In this case, that means that the court must determine whether Hartford was “wrong” when it decided that Benson failed to prove he was disabled during the entire Elimination Period. Hartford’s primary reasoning stems from the assertions of two doctors who reviewed Benson’s file. More particularly, Hartford indicated that Benson was not disabled from May 15, 2016, to July 19, 2016, after which he subsequently had knee replacement surgery. In addition, he would have at minimum recovered from surgery by August 26, 2016.

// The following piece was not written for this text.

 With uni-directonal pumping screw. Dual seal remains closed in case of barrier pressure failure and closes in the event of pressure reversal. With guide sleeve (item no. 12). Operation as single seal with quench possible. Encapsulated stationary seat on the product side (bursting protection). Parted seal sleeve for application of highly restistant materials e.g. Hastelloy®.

The court overall affirmed Hartford’s decision based on “(1) the substance of Benson’s claims for both short-term and long-term disability benefits, (2) the contemporaneous treatment notes from Benson’s physicians, and (3) the ability of Benson to perform the essential duties of his job.” On the first account, the court determined that Benson’s claims seemed to be in conflict. Benson stated that he was disabled as a result of both fatigue and pain from polymyalgia rheumatica (“PMR”). However, the court indicated that PMR was never identified on either Benson’s short or long-term disability applications. Instead, both applications were specifically related to Benson’s knee replacement.
Secondly, the court agreed that Benson was not disabled for the entire elimination period based on the records from his own physicians. A Dr. Erbay cited that Benson’s main complaints were related to his knee, with PMR symptoms infrequently or never making an appearance. On May 26, 2016, Dr. Erbay’s notes indicate that Benson was experiencing short-term stiffness and fatigue. However, Dr. Erbay did not go so far as to say that Benson was disabled at this time. A June 3rd appointment also had similar outcomes. Following Benson’s knee surgery, Benson said his PMR was “great” and that he had not been experiencing fatigue or headaches.

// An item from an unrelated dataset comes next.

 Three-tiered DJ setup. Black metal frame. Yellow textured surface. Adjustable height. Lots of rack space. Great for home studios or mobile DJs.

Benson’s other interactions with medical providers were similar. On June 27, 2016, Dr. Seldon Longley, rheumatologist, cited that Benson’s PMR was “well controlled” through Prednisone. In addition, on August 2, 2016, a Dr. Rocca indicated no symptoms of PMR and instead opined that Benson was experiencing a good recovery from his knee surgery. The only indications that PMR seemed to be causing Benson much trouble at all came after the Elimination Period on August 31, 2016, and again on September 8, 2016. As a result of the above treatment notes, the court determined that Benson only met the definition of “disabled” during the recovery period of his knee surgery.
Thirdly, the court considered Benson’s ability to perform his job duties. An examination of his job duties revealed that his work was primarily sedentary, including sitting for two hours at a time, standing or walking for thirty minutes at a time, and not lifting anything heavy. On a daily basis, Benson had to sit for seven hours, walk for thirty minutes, and stand for thirty minutes. Dr. Rocca provided a statement to Hartford on August 25, 2016, which opined that Benson was able to sit or stand for eight hours and walk for thirty minutes up to six or eight hours per day. As such, the court held that Benson was able to perform his job duties as early as that August 25th date.

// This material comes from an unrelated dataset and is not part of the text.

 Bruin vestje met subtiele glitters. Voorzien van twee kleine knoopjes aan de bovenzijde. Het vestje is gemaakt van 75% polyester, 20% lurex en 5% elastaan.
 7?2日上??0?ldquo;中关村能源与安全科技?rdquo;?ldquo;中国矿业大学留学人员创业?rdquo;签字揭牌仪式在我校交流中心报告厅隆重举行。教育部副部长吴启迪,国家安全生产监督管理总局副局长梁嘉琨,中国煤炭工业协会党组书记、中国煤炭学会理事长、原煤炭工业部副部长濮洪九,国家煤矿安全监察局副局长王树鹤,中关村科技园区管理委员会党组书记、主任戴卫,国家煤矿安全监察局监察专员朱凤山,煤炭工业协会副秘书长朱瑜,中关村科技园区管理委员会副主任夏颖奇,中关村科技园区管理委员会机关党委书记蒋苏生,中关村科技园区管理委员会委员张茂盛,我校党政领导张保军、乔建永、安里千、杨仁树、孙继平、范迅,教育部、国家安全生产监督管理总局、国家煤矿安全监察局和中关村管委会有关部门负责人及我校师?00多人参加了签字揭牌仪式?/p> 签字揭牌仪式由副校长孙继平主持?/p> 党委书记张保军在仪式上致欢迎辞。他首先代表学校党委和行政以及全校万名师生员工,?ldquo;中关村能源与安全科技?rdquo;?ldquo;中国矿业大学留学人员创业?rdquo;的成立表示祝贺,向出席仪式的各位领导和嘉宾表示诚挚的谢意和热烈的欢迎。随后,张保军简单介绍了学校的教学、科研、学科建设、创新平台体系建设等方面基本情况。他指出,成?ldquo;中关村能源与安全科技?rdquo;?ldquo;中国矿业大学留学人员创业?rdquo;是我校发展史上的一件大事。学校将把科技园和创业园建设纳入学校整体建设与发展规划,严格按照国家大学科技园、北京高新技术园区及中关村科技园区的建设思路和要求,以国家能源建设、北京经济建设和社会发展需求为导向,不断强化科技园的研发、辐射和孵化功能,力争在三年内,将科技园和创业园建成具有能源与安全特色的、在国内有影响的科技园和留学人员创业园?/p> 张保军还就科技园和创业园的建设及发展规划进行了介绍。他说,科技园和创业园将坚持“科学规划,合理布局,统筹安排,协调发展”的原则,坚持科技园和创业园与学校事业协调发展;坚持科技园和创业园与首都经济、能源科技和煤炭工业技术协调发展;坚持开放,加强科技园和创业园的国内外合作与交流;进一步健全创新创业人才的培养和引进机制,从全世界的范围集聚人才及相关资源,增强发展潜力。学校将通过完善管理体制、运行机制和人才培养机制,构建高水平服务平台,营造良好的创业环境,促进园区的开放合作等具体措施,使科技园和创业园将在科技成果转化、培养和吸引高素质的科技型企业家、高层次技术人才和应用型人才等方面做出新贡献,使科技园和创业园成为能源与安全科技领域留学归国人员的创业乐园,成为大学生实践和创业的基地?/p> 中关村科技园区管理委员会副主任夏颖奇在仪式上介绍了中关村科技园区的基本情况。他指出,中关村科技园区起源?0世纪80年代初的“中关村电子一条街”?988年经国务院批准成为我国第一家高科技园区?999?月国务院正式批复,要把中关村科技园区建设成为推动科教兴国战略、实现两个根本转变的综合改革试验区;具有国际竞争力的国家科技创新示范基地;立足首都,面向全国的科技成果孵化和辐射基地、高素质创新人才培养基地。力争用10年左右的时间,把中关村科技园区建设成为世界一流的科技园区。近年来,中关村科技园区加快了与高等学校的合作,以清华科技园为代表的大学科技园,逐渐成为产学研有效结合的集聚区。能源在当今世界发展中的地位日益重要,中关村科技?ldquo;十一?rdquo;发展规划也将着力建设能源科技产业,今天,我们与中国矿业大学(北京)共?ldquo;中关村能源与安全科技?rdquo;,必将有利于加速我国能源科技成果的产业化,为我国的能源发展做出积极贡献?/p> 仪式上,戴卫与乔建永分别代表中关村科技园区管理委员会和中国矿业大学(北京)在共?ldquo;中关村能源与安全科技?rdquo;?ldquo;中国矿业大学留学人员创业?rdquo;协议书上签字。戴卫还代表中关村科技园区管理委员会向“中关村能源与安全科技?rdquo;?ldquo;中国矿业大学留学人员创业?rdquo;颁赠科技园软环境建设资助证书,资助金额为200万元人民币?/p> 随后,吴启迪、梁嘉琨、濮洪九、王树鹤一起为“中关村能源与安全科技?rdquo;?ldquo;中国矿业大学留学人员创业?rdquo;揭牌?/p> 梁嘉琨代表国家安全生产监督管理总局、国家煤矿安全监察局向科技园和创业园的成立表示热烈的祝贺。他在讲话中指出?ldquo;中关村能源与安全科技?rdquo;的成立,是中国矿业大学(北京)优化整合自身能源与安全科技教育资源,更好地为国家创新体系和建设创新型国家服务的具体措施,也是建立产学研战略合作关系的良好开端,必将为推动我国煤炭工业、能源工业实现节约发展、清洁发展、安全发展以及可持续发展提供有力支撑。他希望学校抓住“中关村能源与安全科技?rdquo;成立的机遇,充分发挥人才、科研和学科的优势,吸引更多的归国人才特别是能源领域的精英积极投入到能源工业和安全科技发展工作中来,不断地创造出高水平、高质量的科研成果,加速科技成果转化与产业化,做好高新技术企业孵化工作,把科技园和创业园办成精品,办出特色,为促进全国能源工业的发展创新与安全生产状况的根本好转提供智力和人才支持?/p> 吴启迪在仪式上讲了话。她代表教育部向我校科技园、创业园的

Overall, the court affirmed that Hartford’s decision was not “wrong” in determining that Benson was not entitled to receive long-term disability benefits. As this decision met the first element of the Blankenship standard, the court chose to end its inquiry. However, the court further stated that if it had continued with the Blankenship review, it would have found that Hartford had not acted in an arbitrary and capricious manner because Hartford’s reasoning had been so clearly outlined.[Note: this claim was not handled by the Ortiz Law Firm. It is merely summarized here for a better understanding of how Federal Courts are handling long term disability insurance claims.]